## Exercise requirements
Your task is to restate the listing word for word without the pictures.

───── Information provided ─────

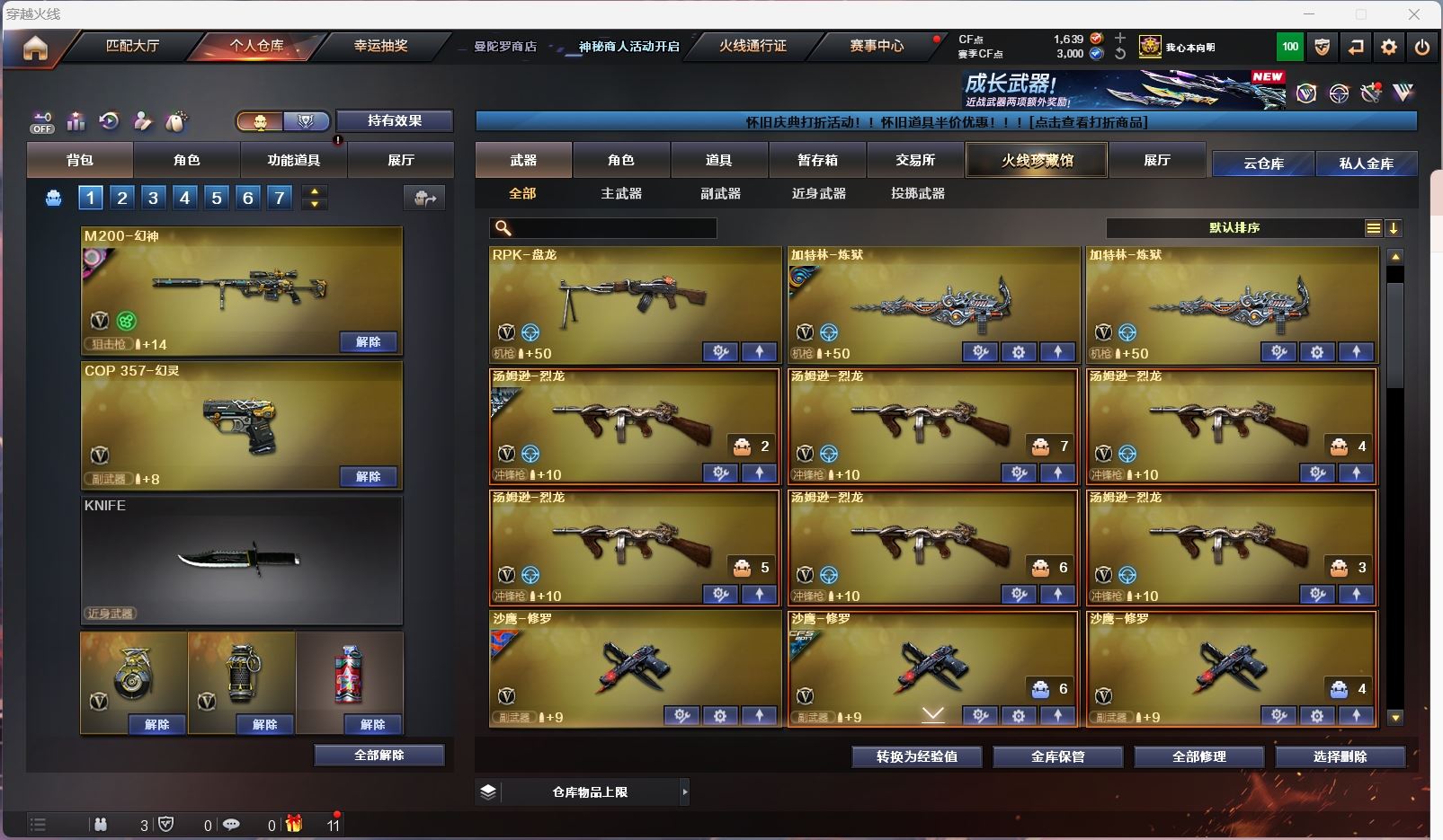 【m200幻神+宠儿】【98k星神】【6烈龙 盘龙*2 炼狱*2 斯太尔蝴蝶 】【白虎电玩】【qbz金色蔷薇】【火麒麟+even】【黑龙】【雷神+卡+白鲨冠军+n9+宠儿】【黑骑士+卡+白马银枪】【毁灭+卡+bean+荣耀之怒】【裁决】【武器:雷暴 王者之心 王者火魄 】【6手枪:修罗*4 天神 幻灵】【12刀具:屠龙*5 龙啸 麒麟刺 斩神刀雷暴 堕天神 幻灵之峰 王者之击*2】【5雷套:雷暴雷 堕天神雷 幻灵雷 竞技荣光*2】【小人枪:雷神精英刀锋 毁灭孙三炮 cop白鲨】【音效卡:黑骑士音效卡 毁灭音效卡 雷神音效卡 】【四防角色:王者葵貂蝉 】;
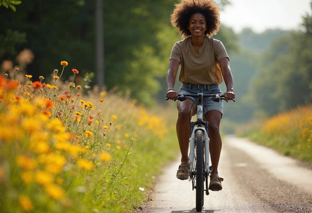 An attractive young tourist rides a bicycle on a road near the forest, stretching her legs and having fun and excited expressions, in the open air.
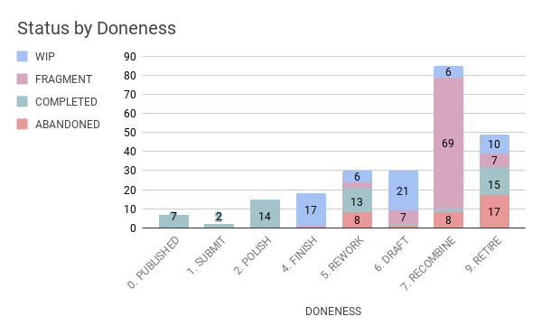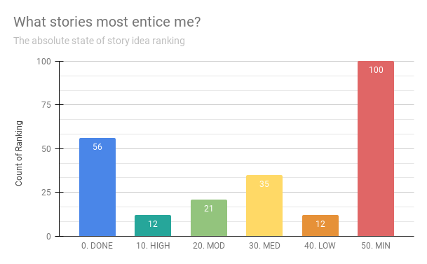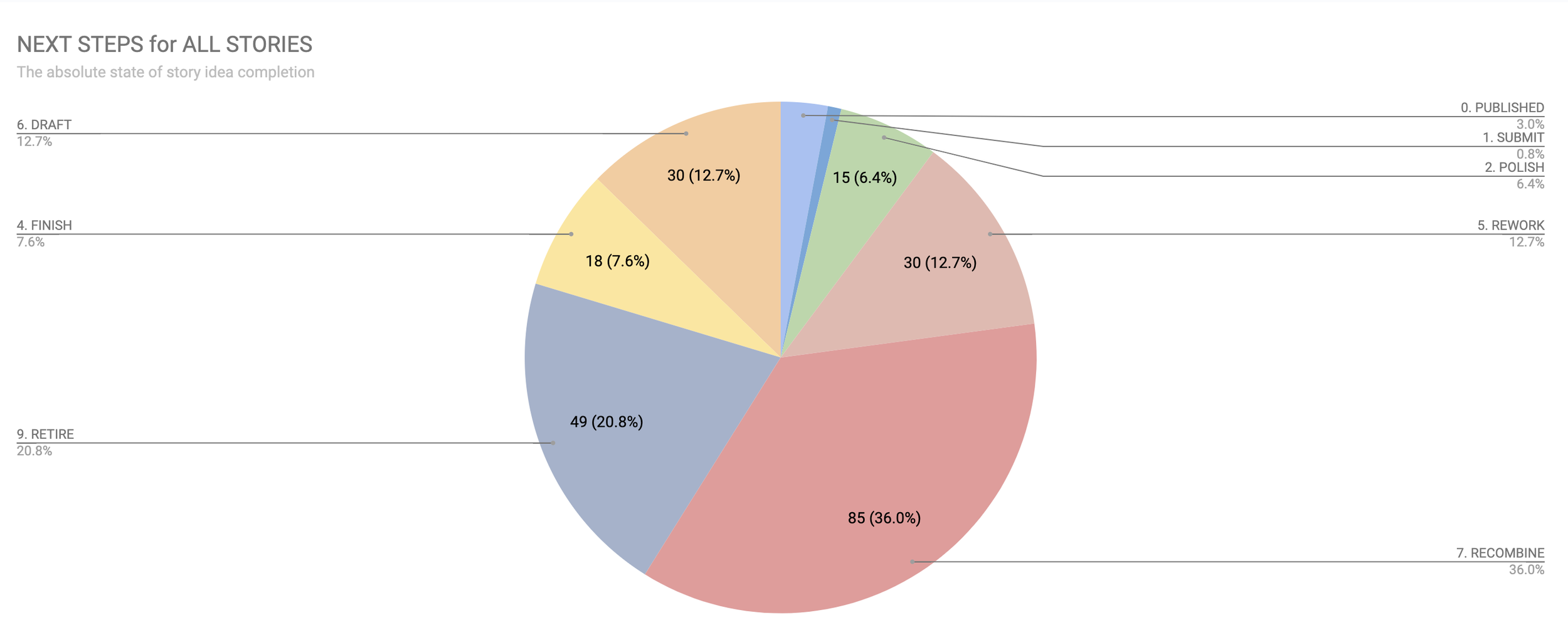 We could dig deeper into this data by removing the DONE/PUBLISHED stories and the fragments and retired projects. But even just eyeballing it, it looks like I have a rough three-way split between stories that need revising, stories that need to be drafted, and stories that need finishing and polishing.

─────

## Worked solution
 【m200幻神+宠儿】【98k星神】【6烈龙 盘龙*2 炼狱*2 斯太尔蝴蝶 】【白虎电玩】【qbz金色蔷薇】【火麒麟+even】【黑龙】【雷神+卡+白鲨冠军+n9+宠儿】【黑骑士+卡+白马银枪】【毁灭+卡+bean+荣耀之怒】【裁决】【武器:雷暴 王者之心 王者火魄 】【6手枪:修罗*4 天神 幻灵】【12刀具:屠龙*5 龙啸 麒麟刺 斩神刀雷暴 堕天神 幻灵之峰 王者之击*2】【5雷套:雷暴雷 堕天神雷 幻灵雷 竞技荣光*2】【小人枪:雷神精英刀锋 毁灭孙三炮 cop白鲨】【音效卡:黑骑士音效卡 毁灭音效卡 雷神音效卡 】【四防角色:王者葵貂蝉 】;
 An attractive young tourist rides a bicycle on a road near the forest, stretching her legs and having fun and excited expressions, in the open air.
 We could dig deeper into this data by removing the DONE/PUBLISHED stories and the fragments and retired projects. But even just eyeballing it, it looks like I have a rough three-way split between stories that need revising, stories that need to be drafted, and stories that need finishing and polishing.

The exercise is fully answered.